Exercise details: Please retype the entries that follow exactly as they are, leaving the images behind.

Data for processing:
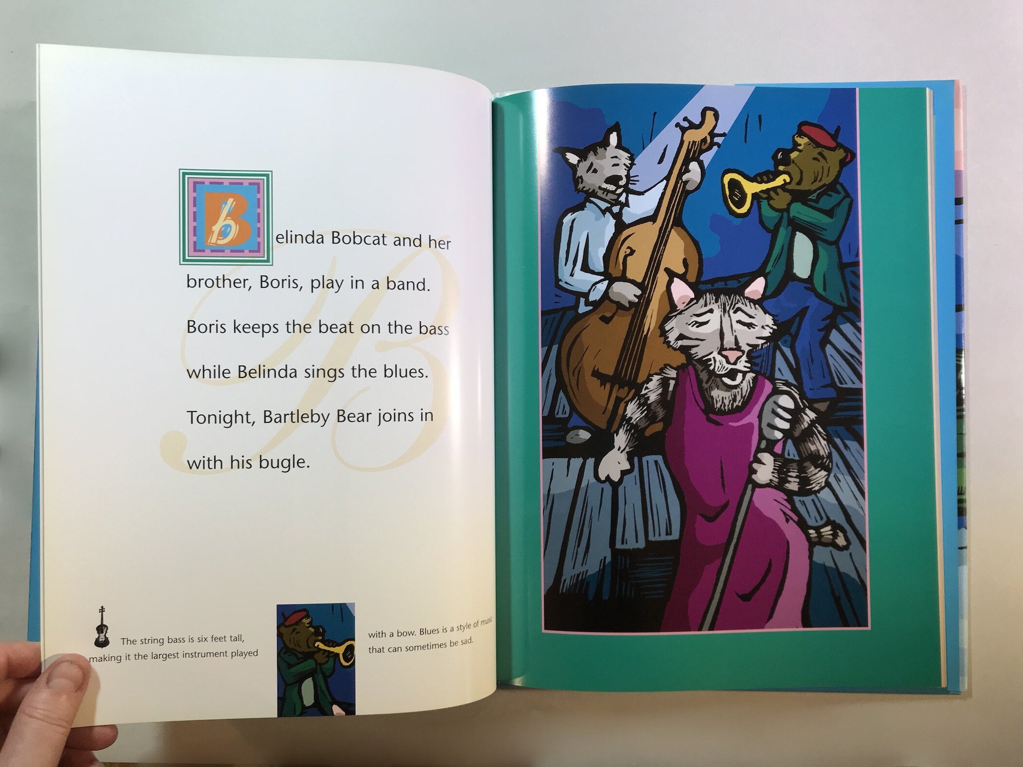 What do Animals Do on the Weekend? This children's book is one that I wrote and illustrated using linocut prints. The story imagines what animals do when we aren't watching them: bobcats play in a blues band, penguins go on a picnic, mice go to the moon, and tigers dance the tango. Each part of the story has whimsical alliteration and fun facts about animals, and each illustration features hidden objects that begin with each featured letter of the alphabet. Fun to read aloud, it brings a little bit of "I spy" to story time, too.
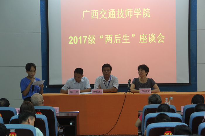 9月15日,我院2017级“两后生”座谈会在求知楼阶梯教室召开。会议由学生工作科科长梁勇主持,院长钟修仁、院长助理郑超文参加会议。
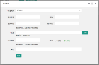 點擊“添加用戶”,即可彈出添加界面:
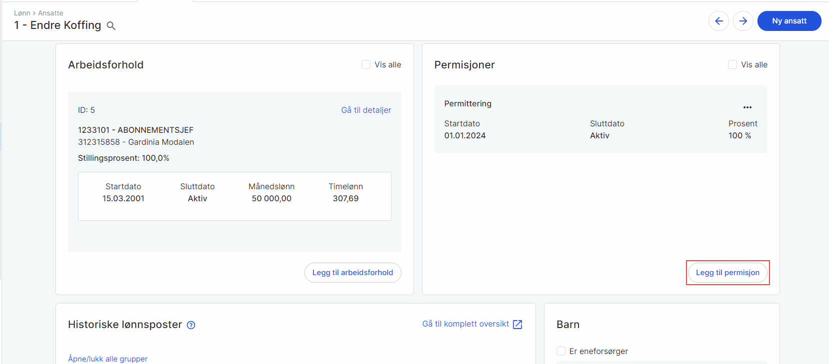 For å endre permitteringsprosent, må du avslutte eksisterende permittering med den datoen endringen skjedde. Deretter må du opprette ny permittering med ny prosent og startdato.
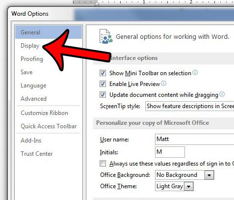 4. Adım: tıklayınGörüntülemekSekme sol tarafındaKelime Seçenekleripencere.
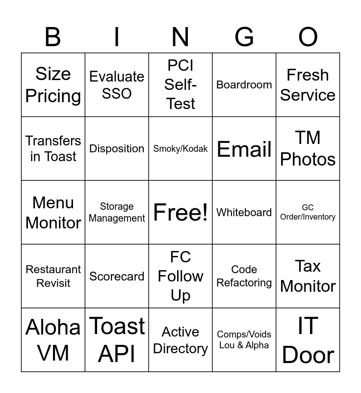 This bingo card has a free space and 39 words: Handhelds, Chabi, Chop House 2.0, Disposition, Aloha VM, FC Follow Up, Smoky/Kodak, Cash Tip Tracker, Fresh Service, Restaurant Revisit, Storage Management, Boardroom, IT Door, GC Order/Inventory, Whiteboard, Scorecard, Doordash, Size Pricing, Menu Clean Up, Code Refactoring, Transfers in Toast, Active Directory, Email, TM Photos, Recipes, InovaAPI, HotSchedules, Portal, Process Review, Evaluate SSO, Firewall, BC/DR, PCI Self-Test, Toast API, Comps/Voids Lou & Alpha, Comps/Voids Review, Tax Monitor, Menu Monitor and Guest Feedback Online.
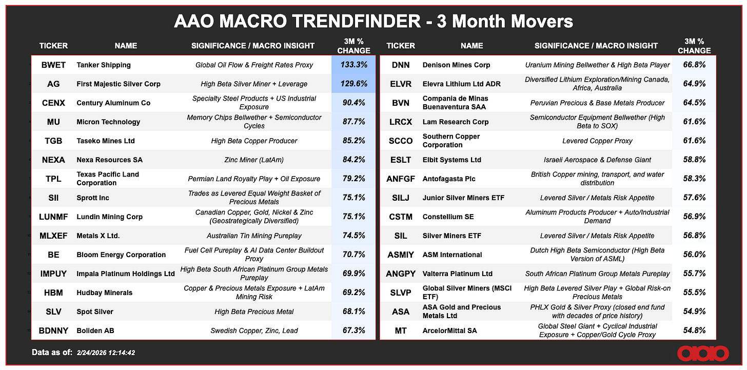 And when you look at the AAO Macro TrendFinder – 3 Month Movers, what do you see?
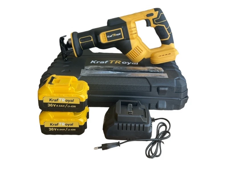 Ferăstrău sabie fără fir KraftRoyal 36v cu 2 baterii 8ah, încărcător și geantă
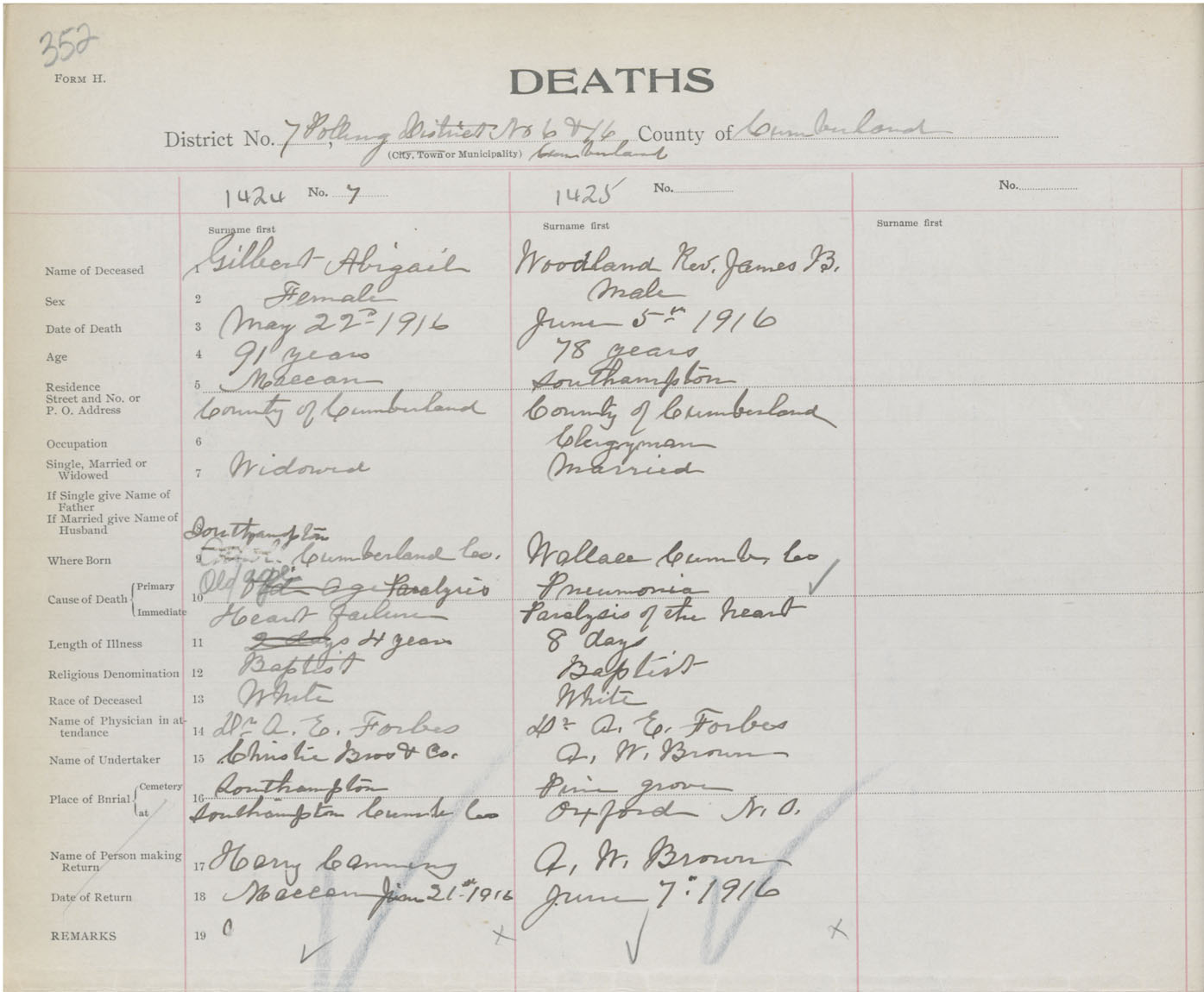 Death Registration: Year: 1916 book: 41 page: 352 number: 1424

Your response:
 What do Animals Do on the Weekend? This children's book is one that I wrote and illustrated using linocut prints. The story imagines what animals do when we aren't watching them: bobcats play in a blues band, penguins go on a picnic, mice go to the moon, and tigers dance the tango. Each part of the story has whimsical alliteration and fun facts about animals, and each illustration features hidden objects that begin with each featured letter of the alphabet. Fun to read aloud, it brings a little bit of "I spy" to story time, too.
 9月15日,我院2017级“两后生”座谈会在求知楼阶梯教室召开。会议由学生工作科科长梁勇主持,院长钟修仁、院长助理郑超文参加会议。
 點擊“添加用戶”,即可彈出添加界面:
 For å endre permitteringsprosent, må du avslutte eksisterende permittering med den datoen endringen skjedde. Deretter må du opprette ny permittering med ny prosent og startdato.
 4. Adım: tıklayınGörüntülemekSekme sol tarafındaKelime Seçenekleripencere.
 This bingo card has a free space and 39 words: Handhelds, Chabi, Chop House 2.0, Disposition, Aloha VM, FC Follow Up, Smoky/Kodak, Cash Tip Tracker, Fresh Service, Restaurant Revisit, Storage Management, Boardroom, IT Door, GC Order/Inventory, Whiteboard, Scorecard, Doordash, Size Pricing, Menu Clean Up, Code Refactoring, Transfers in Toast, Active Directory, Email, TM Photos, Recipes, InovaAPI, HotSchedules, Portal, Process Review, Evaluate SSO, Firewall, BC/DR, PCI Self-Test, Toast API, Comps/Voids Lou & Alpha, Comps/Voids Review, Tax Monitor, Menu Monitor and Guest Feedback Online.
 And when you look at the AAO Macro TrendFinder – 3 Month Movers, what do you see?
 Ferăstrău sabie fără fir KraftRoyal 36v cu 2 baterii 8ah, încărcător și geantă
 Death Registration: Year: 1916 book: 41 page: 352 number: 1424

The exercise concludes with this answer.